Modelling black-box audio effects with time-varying feature modulation
This addresses a specific bottleneck in audio effect modeling for audio processing applications, representing an incremental improvement over existing methods.
The paper tackled the problem of modeling audio effects with long-range dependencies, such as fuzz and compression, by integrating time-varying feature-wise linear modulation into temporal convolutional networks, resulting in improved accuracy across time and frequency metrics.
Deep learning approaches for black-box modelling of audio effects have shown promise, however, the majority of existing work focuses on nonlinear effects with behaviour on relatively short time-scales, such as guitar amplifiers and distortion.

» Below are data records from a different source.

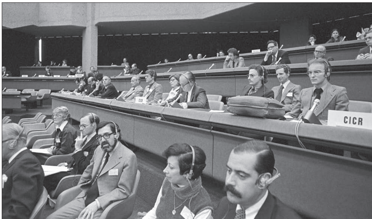
Slika 4: Diplomatska konferenca o potrditvi in razvoju mednarodnega humanitarnega prava, ki se uporablja v oboroženih spopadih, ki je potekala od leta 1974 do 1977 v Ženevi.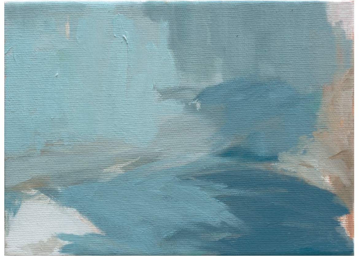
De la esencia 2 | Técnica mixta sobre lienzo | 22 x 16 cm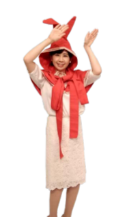
♪ きふちゃん 手と足を右左振ります

While recurrent and convolutional architectures can theoretically be extended to capture behaviour at longer time scales, we show that simply scaling the width, depth, or dilation factor of existing architectures does not result in satisfactory performance when modelling audio effects such as fuzz and dynamic range compression. To address this, we propose the integration of time-varying feature-wise linear modulation into existing temporal convolutional backbones, an approach that enables learnable adaptation of the intermediate activations. We demonstrate that our approach more accurately captures long-range dependencies for a range of fuzz and compressor implementations across both time and frequency domain metrics. We provide sound examples, source code, and pretrained models to faciliate reproducibility.